Industri ayam potong di Indonesia memproduksi sekitar 3,6 juta ton daging
ayam per tahun pada tahun 2019. Proses pemotongan ayam tidak hanya
menghasilkan produk utama berupa daging ayam, tetapi juga menghasilkan produk
samping berupa limbah bulu ayam. Walaupun kandungan protein bulu ayam cukup
tinggi (mencapai 90%), protein tersebut sulit untuk dimanfaatkan untuk menjadi
bahan baku produk lain karena berada dalam bentuk keratin yang sulit untuk
didegradasi. Menurut studi literatur, degradasi keratin pada bulu ayam dapat dicapai
melalui proses hidrolisis secara kimiawi dan enzimatis. Penelitian ini dilakukan
untuk mengkaji pengaruh perlakuan awal paparan microwave (pada variasi 300,
450, dan 600 Watt) dan menentukan profil degradasi bulu ayam yang telah diberi
perlakuan awal melalui hidrolisis kimawi dengan NaOH pH 11 dan hidrolisis
enzimatis dengan enzim keratinase yang diperoleh dari konsorsium mikroba serta
menentukan parameter hidrolisis enzimatis berdasarkan persamaan logistik.

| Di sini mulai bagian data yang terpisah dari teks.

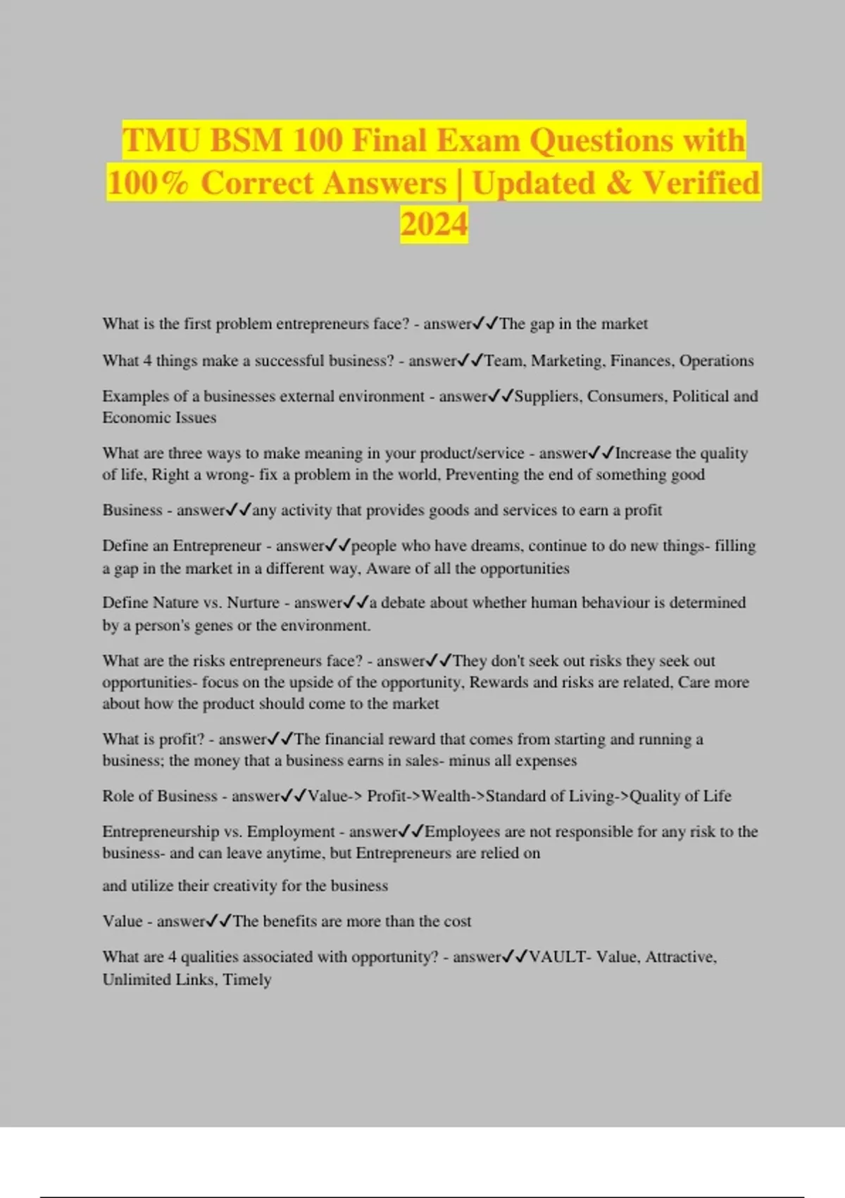 TMU BSM 100 Final Exam Questions with 100% Correct Answers | Updated & Verified 2024 What is the first problem entrepreneurs face? - answerThe gap in the market What 4 things make a successful business? - answerTeam, Marketing, Finances, Operations Examples of a businesses external environment - answerSuppliers, Consumers, Political and Economic Issues What are three ways to make meaning in your product/service - answerIncrease the quality of life, Right a wrong- fix a problem in the world, Preventing the end of something good Business - answerany activity that provides goods and services to earn a profit Define an Entrepreneur - answerpeople who have dreams, continue to do new things- filling a gap in the market in a different way, Aware of all the opportunities Define Nature vs. Nurture - answera debate about whether human behaviour is determined by a person's genes or the environment. What are the risks entrepreneurs face? - answerThey don't seek out risks they seek out opportunities- focus on the upside of the opportunity, Rewards and risks are related, Care more about how the product should come to the market What is profit? - answerThe financial reward that comes from starting and running a business; the money that a business earns in sales- minus all expenses Role of Business - answerValue-> Profit->Wealth->Standard of Living->Quality of Life Entrepreneurship vs. Employment - answerEmployees are not responsible for any risk to the business- and can leave anytime, but Entrepreneurs are relied on and utilize their creativity for the business Value - answerThe benefits are more than the cost What are 4 qualities associated with opportunity? - answerVAULT- Value, Attractive, Unlimited Links, Timely Value proposition - answerthe set of benefits or values that a company promises to deliver to customers to satisfy their needs market research - answerThe activity of gathering information about consumers' needs and preferences. The analysis of markets to assess opportunities, and finding information to make good decisions Market Research Process - answerDefine Problem, Design Research Project, Collect Data, Analyze Data, Take Action Primary vs Secondary Data - answerprimary - up to date, expensive, can be flawed secondary - Data that's already published and available to everyone, Want to go beyond what everyone else knows, Done by experts Visible Characteristics - answerAge, race, income Invisible characteristics - answerValues, attitudes, beliefs Six Elements of Business External Environment - answerThe Economic Environment, Legal environment, Competitive Environment, Technological Environment, Social Environment, The Global Environment Crowdsourcing - answerusing expertise of people to solve a business problem Social Media marketing can... - answermake or break an organization unsurpassed value - answerValue is the gap between benefit and price, The cheapest product does not mean the best value, The key to value is

Hidrolisis dilakukan selama 60 jam dengan pengukuran massa bulu ayam kering
hasil degradasi diukur setiap 12 jam, dilakukan analysis of variance (ANOVA)
untuk menentukan pengaruh perlakuan awal terhadap degradasi bulu ayam. Pada
kedua metode hidrolisis, perlakuan awal tidak memberikan pengaruh pada
degradasi bulu ayam dengan nilai p > 0,05 untuk setiap variasi daya yang diberikan.
Pada hidrolisis kimiawi dan enzimatis, degradasi bulu ayam sampai 24 jam
kemudian cenderung stasioner. Nilai parameter a dan b pada model hidrolisis
enzimatis yang diperoleh secara berturut-turut adalah 0,589 dan 0,132 untuk
kontrol; 0,591 dan 0,068 untuk daya 300 W; 0,592 dan 0,079 untuk daya 450 W;
0,597 dan 0,082 untuk daya 600 W.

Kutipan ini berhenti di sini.